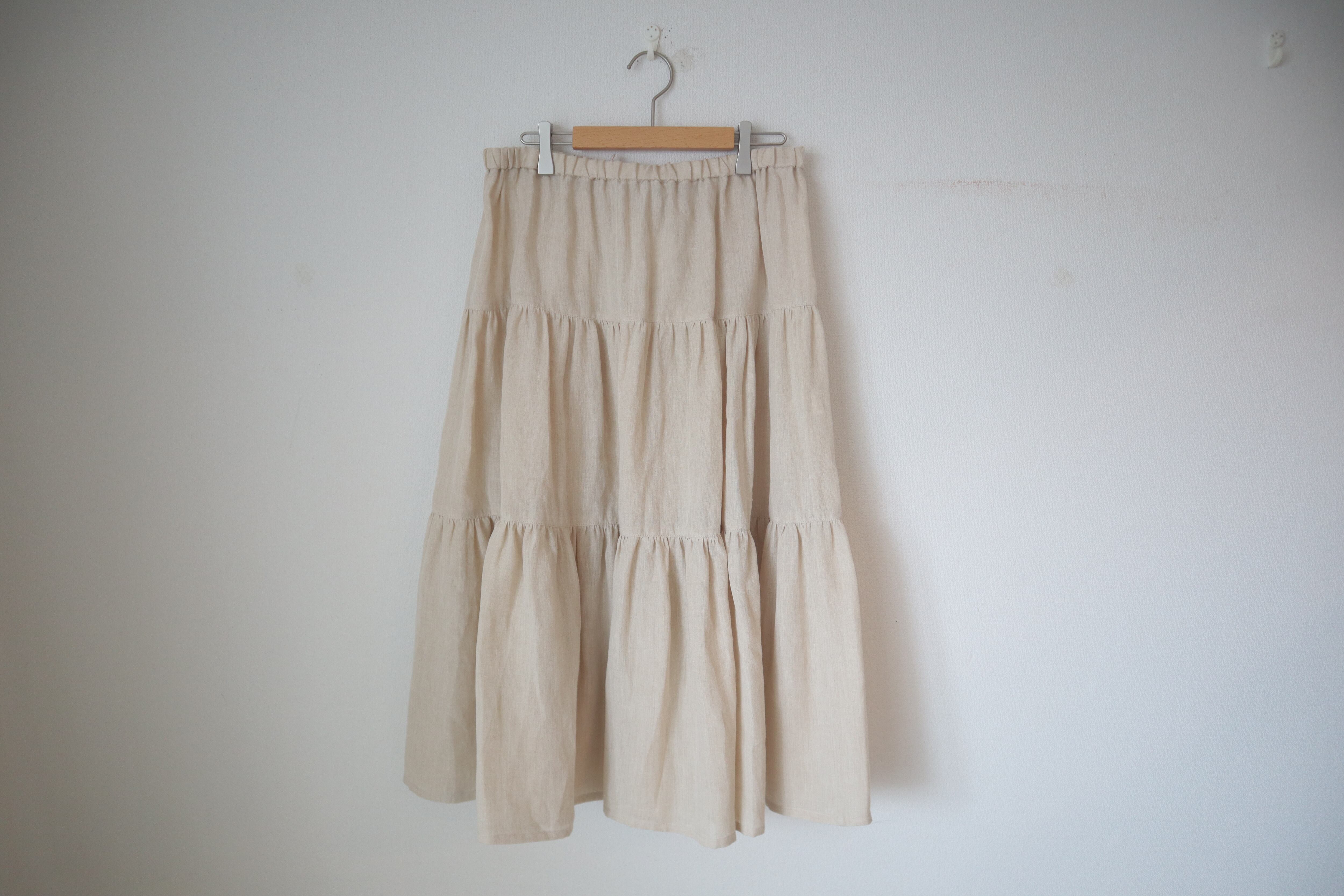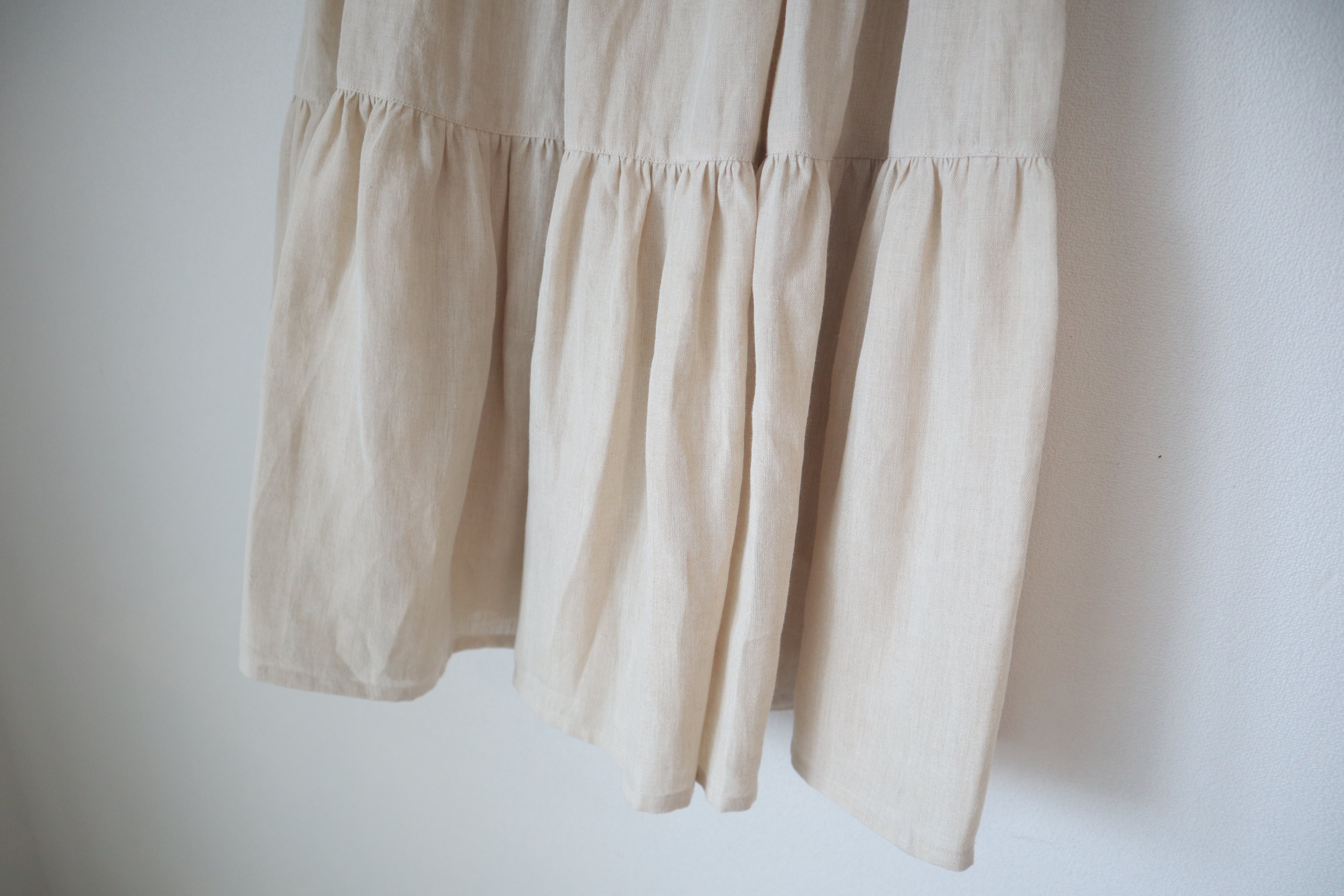 DENSLY LINEN TIERED SKIRTは、柔らかなリネン素材で仕立てられたティアードスカートです!アンティークホワイトの優しい色合いが特徴で、洗練された印象を与えます。軽やかなティアードデザインにより、動くたびに美しいシルエットを演出します。カジュアルなTシャツやブラウスと合わせることで、日常のコーディネートに華やぎをプラスし、特別な日のお出かけにも最適な一着です。
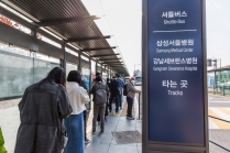 셔틀버스 기다리는 서울 시내 대형 종합병원 진료 환자와 이용객들
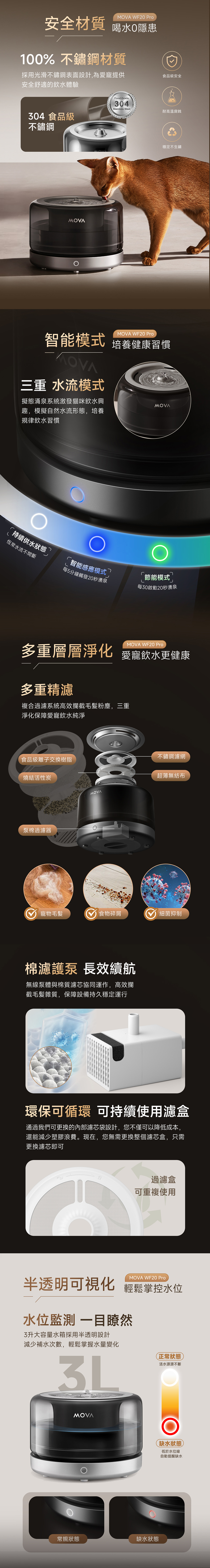 多層過濾系統、100% 不鏽鋼濾板、可重複使用環保濾盒、水電分離設計、動態活水循環
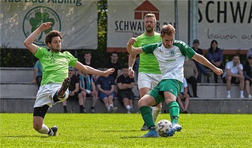 Der Fußball-Kreisligist TuS Bad Aibling hat mit einem 3:1-Heimsieg gegen Vogtareuth den Klassenerhalt endgültig geschafft, während die Gäste am letzten Spieltag auf ein kleines Wunder hoffen müssen. Der dreifache Bad Aiblinger Torschütze Fabian Troffer erzielt mit diesem Schuss den 1:1-Ausgleich. Fo
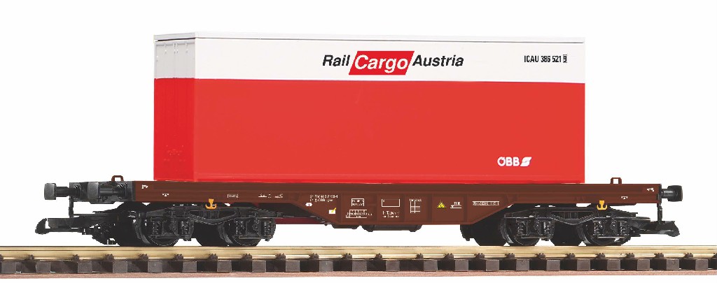 Flachwagen der ÖBB mit 20' Rail Cargo Austria Container für die Epoche 5
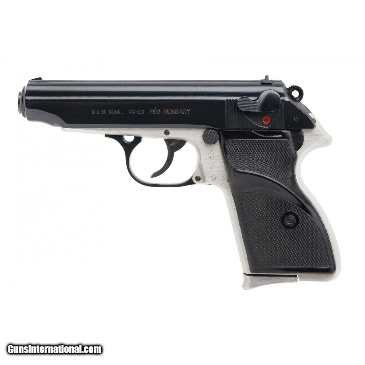 Description: " SN: BE7314 PA-63 made by FEG in c. 1970s. 3 3/4 inch barrel chambered in 9x18mm Makarov. Excellent condition with minor handling marks on the thumb-rest grips. Collectible Hungarian police and military pistol patterned after the Walther PP series, in competition with the Makarov PM and P64 pistols. Austin Location SOLD |
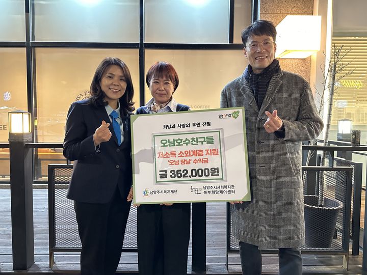 오늘은 오남호수친구들에서 저소득 소외계층 지원을 위한 수익금 362,000원을 남양주시사회복지관 북부희망케어센터(센터장 전정수)에 전달해주셨습니다!
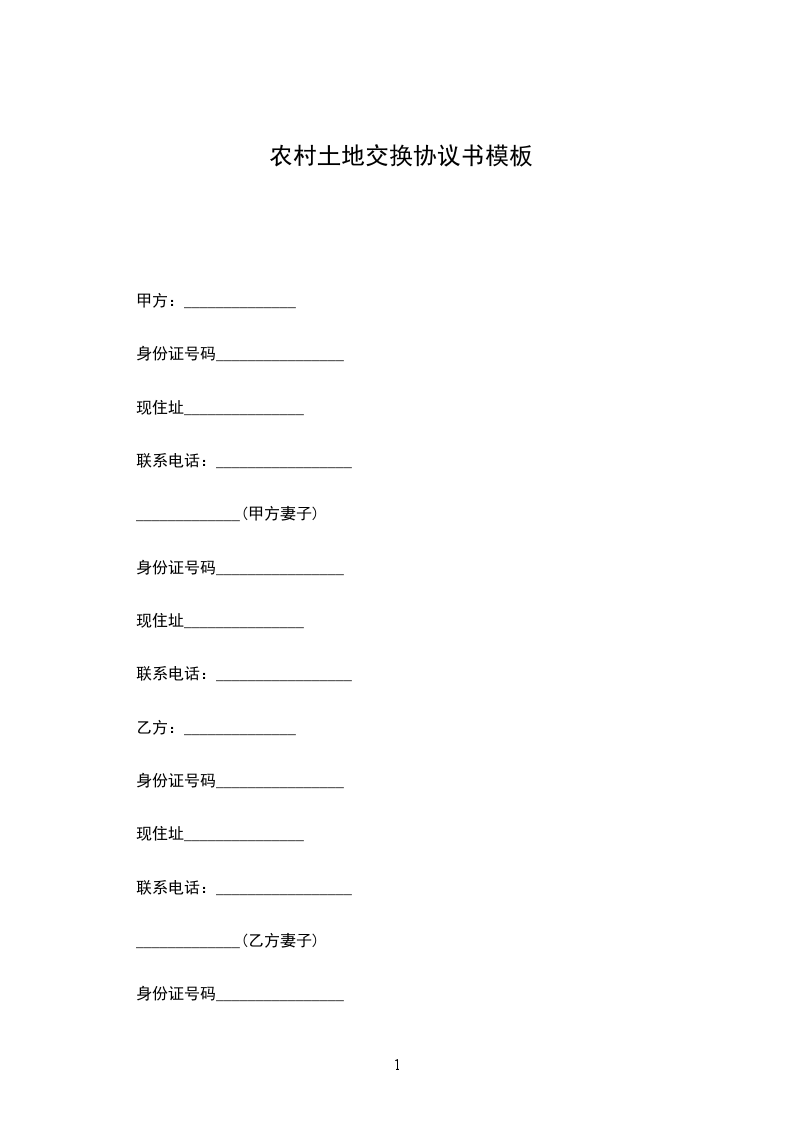 经甲、乙双方于_______年_______月_______日(农历_______年_______月_______日)下午,在和谐、平等、公平的气氛下,就5—6号土地交换事宜进行协商,订立本合同。
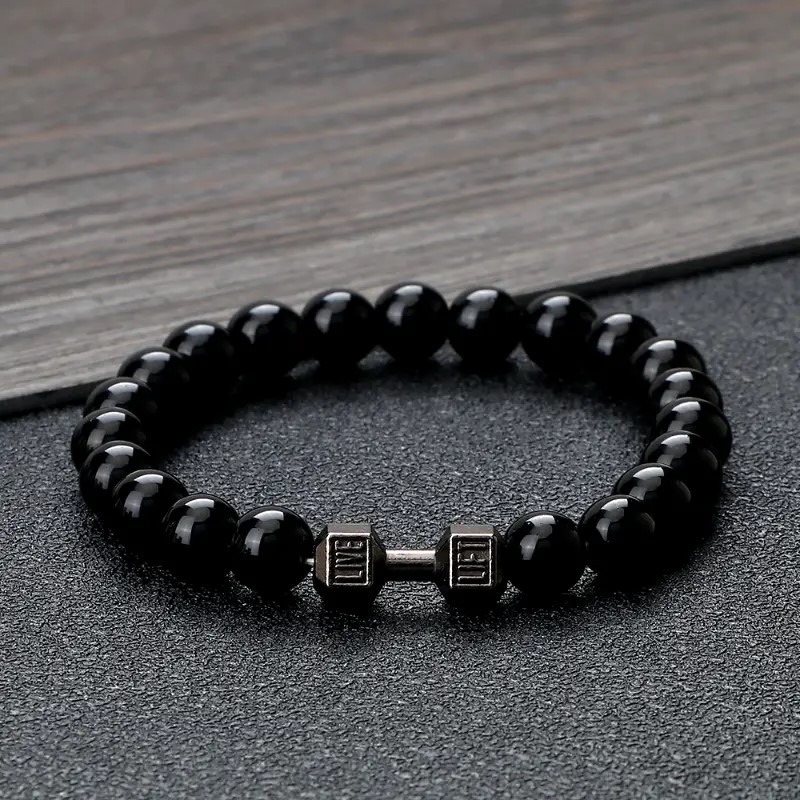 Experimenteaza armonia si forta cu bratara noastra unica, realizata din margele pretioase din piatra naturala si un pandantiv elegant in forma de gantera din otel inoxidabil. Fiecare margea este atent selectata pentru a transmite energie si echilibru, in timp ce pandantivul in forma de gantera simbolizeaza puterea si determinarea. Aceasta bratara nu doar completeaza orice tinuta, ci si aduce un sentiment de siguranta si implinire interioara. Alege sa porti aceasta bijuterie si fii pregatit sa iti imbunatatesti starea de spirit si sa iti exprimi personalitatea puternica si autentica
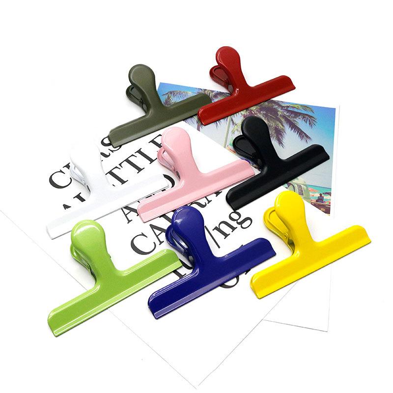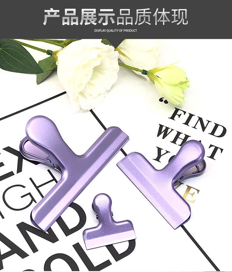 Clip de cuenta de mano, clip de boca sellada de color metálico, clip de boleto multifuncional morado esmerilado, clip de refrigerio, lindo clip de cola larga al por mayor
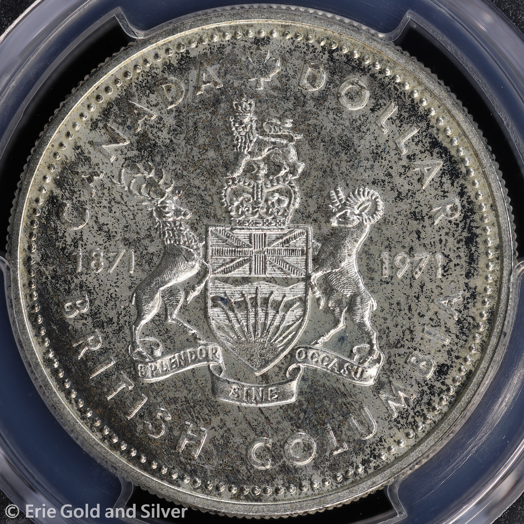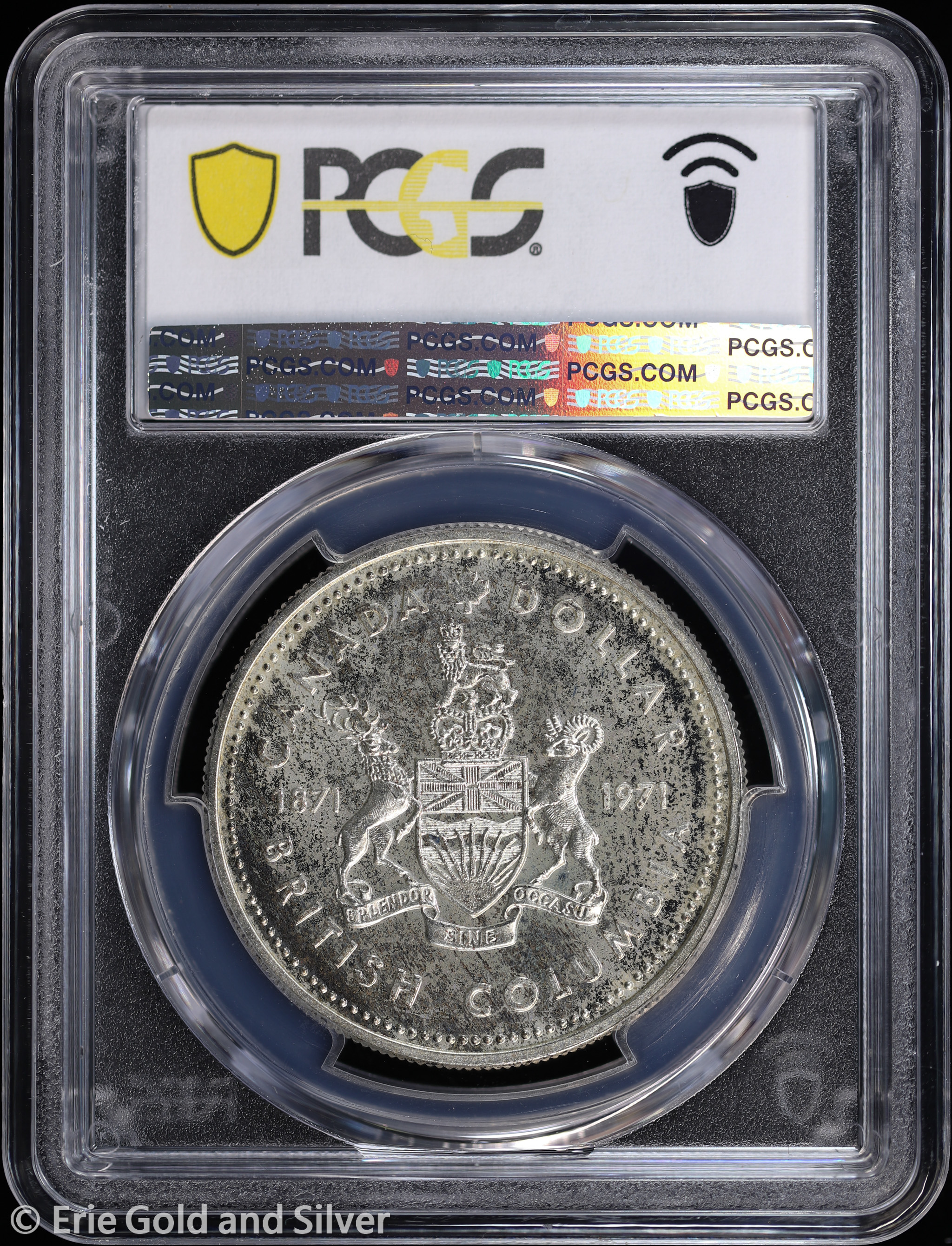 For sale is a 1971 $1 Canada British Columbia Silver Dollar. Certified / graded by PCGS at SP 67.

═══

What to work on = Stop at the line containing "Flachwagen der ÖBB" and include it. Everything from the first line of the material up to there is to be repeated exactly, leaving out pictures.

Exercise output =
 DENSLY LINEN TIERED SKIRTは、柔らかなリネン素材で仕立てられたティアードスカートです!アンティークホワイトの優しい色合いが特徴で、洗練された印象を与えます。軽やかなティアードデザインにより、動くたびに美しいシルエットを演出します。カジュアルなTシャツやブラウスと合わせることで、日常のコーディネートに華やぎをプラスし、特別な日のお出かけにも最適な一着です。
 셔틀버스 기다리는 서울 시내 대형 종합병원 진료 환자와 이용객들
 多層過濾系統、100% 不鏽鋼濾板、可重複使用環保濾盒、水電分離設計、動態活水循環
 Der Fußball-Kreisligist TuS Bad Aibling hat mit einem 3:1-Heimsieg gegen Vogtareuth den Klassenerhalt endgültig geschafft, während die Gäste am letzten Spieltag auf ein kleines Wunder hoffen müssen. Der dreifache Bad Aiblinger Torschütze Fabian Troffer erzielt mit diesem Schuss den 1:1-Ausgleich. Fo
 Flachwagen der ÖBB mit 20' Rail Cargo Austria Container für die Epoche 5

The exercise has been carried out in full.